Chapter Three
Chapter Three
There was one class I loved the most in Asphodel Academy. It was categorized as Maths but most of our learning involved practice rather than scribbling on a sheet of paper. We had it every year, and the teacher was always the same. Precision and Error—or, as we often called it, Mr. Hollister's PE. An inner joke, because there was no gym class in Asphodel. All our sports had its own classes already and every student was required to take at least one of them.
Anyway, back to PE. I loved it so much, mostly because it was the only class where we were taught to do magic without having to memorize spells and partly because I was so good at it. Basically, in PE we were taught how to direct raw magic correctly with the right approximation.
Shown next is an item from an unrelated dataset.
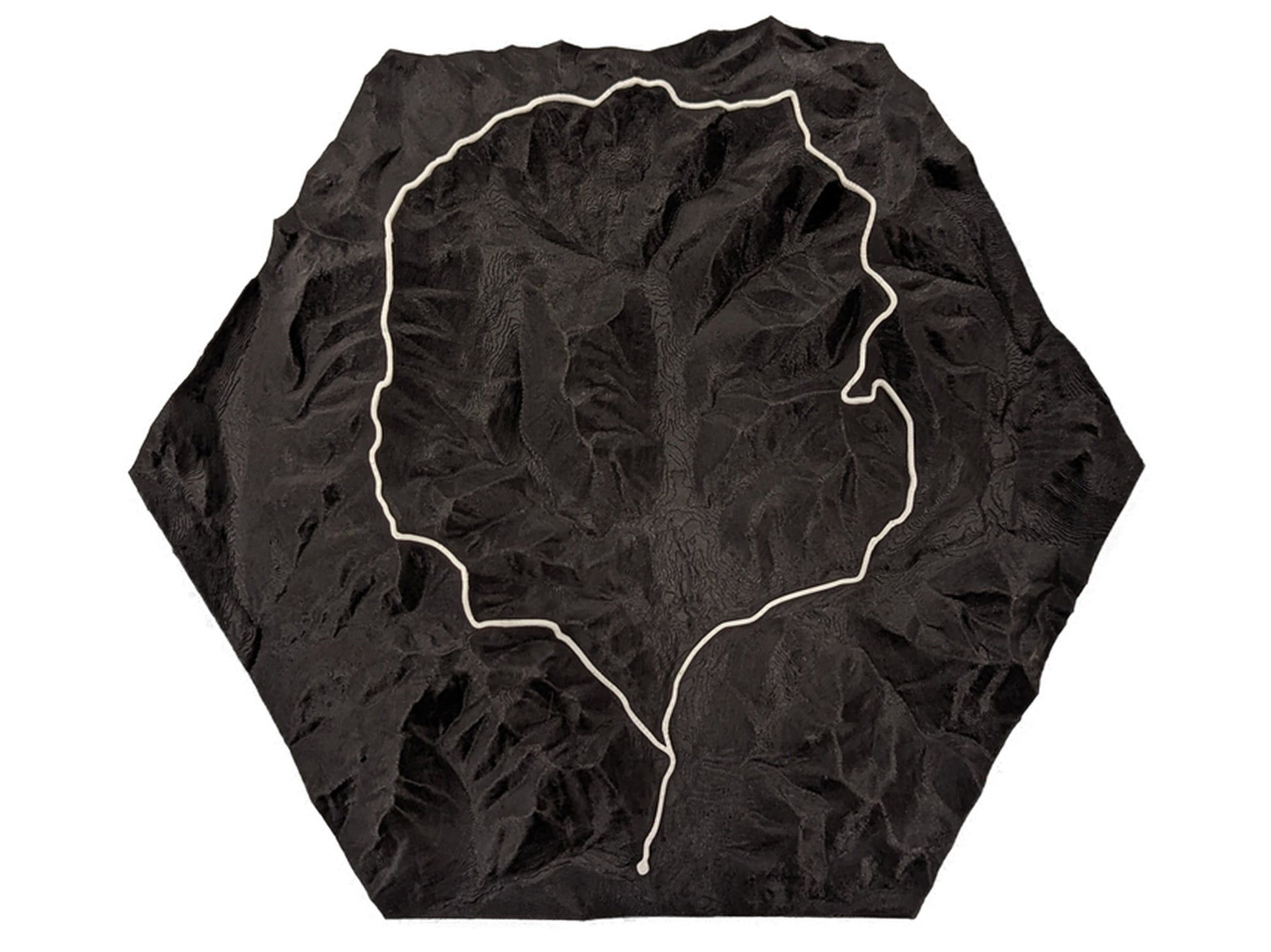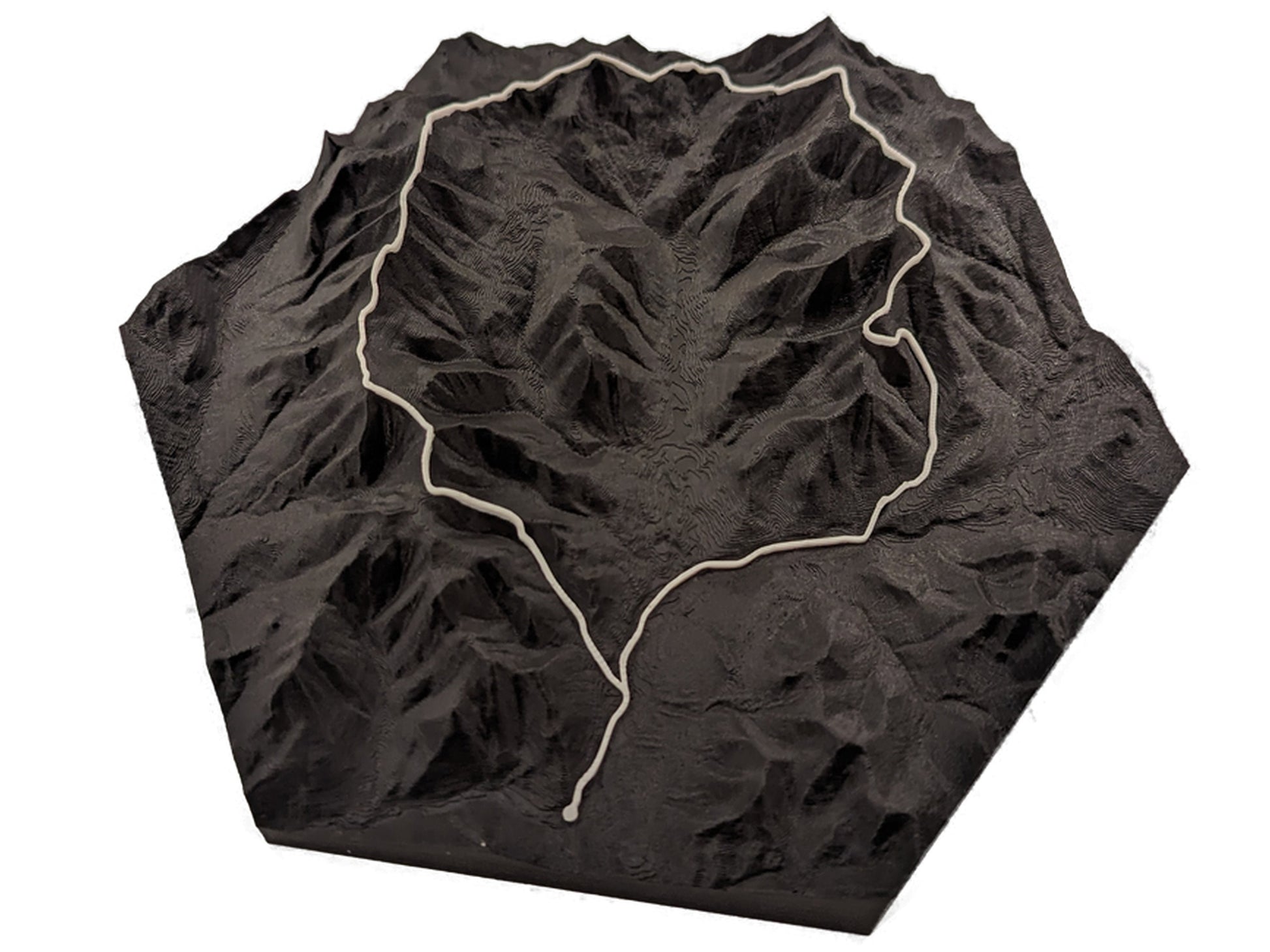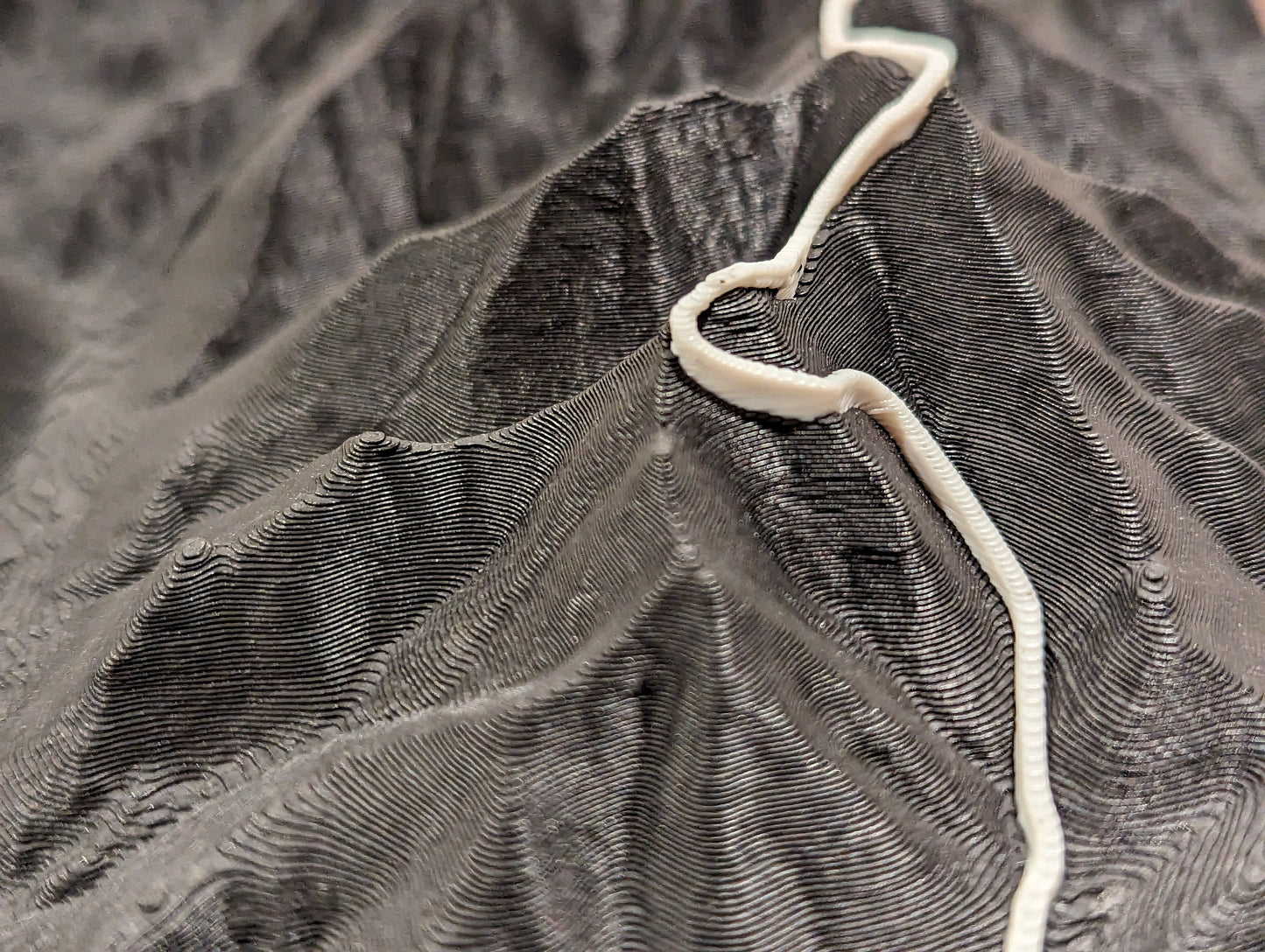 This map is made using multicolor 3D printing, where the terrain is printed in black and the trail is printed in white.

How wide our force field should be, how we channel that raw magic—through spells, or object, or just a thought, even—and how high the intensity scale of our emitted magic, affected how strongly it was going to hit our target. Since our target were usually small inanimate objects rather than a huge dummy, it took a great deal of control to hit it with our magic square and center.
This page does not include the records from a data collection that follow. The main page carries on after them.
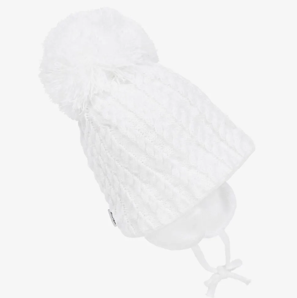 A white beanie for little boys and girls by Sätila of Sweden, in a lovely cable knit design. It has a giant pom-pom decoration and ear flaps with ties that secure under the chin to keep them super cosy. For extra comfort and warmth, the hat is lined in soft cotton jersey.
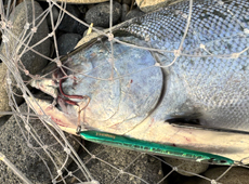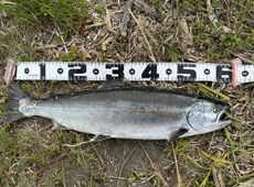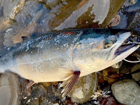 仕事帰の夕マズメ狙いで噴火湾方面へ向かった”ぼん茶さん”周囲には3人のサクラマス狙いのアングラーの姿がありましたが、反応が無いのかいつの間にか自分一人に・・・それでもあきらめずにキャストを続けた約1時間後にモジリを発見!すかさずジグをキャストするとその4投目で待望のヒット!「ドスン」とした強烈な手ごたえの後にドラグ音が鳴り響き、良型サクラと確信!暴れる魚としばらく格闘し、なんとかネットイン!61cm、3kgジャストのサクラマスをゲットしたそうです。
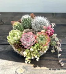 娘が初寄せ植えしました😁 寄せ植えも初めての娘がリース型に編んである物に多肉やサボテンを寄せ植えしました😁凄く配置が難しかったけど、楽しかったみたいです。 娘も多肉の虜になるといいなぁ〜☆
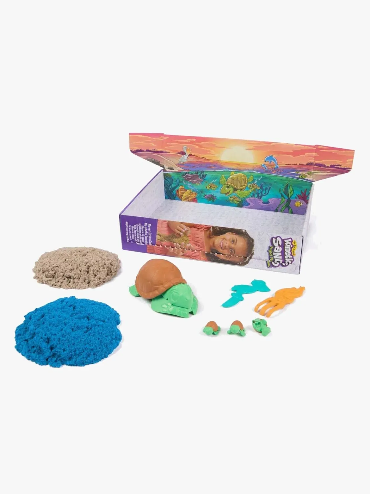 – Indeholder blåt og brunt kinetisk sand.

Did I say I was good at it? Scratch that. I was the best.
I tried to suppress a smug look coming onto my face and failed as Mr. Hollister came over to my table and said, "Well done, Miss Williams. Now why don't you show your friends how to do it right?"
Shrugging, I repeated what I'd done the first time. I focused my magic to the tip of finger and made it my channeling object, and then I directed the force straight to the kiwi, willing it to ripen until it was brown and blackish, a glop of goo on the table. As we were always taught, I then drew back my magic and tucked in my finger so that I wouldn't accidentally hit anyone.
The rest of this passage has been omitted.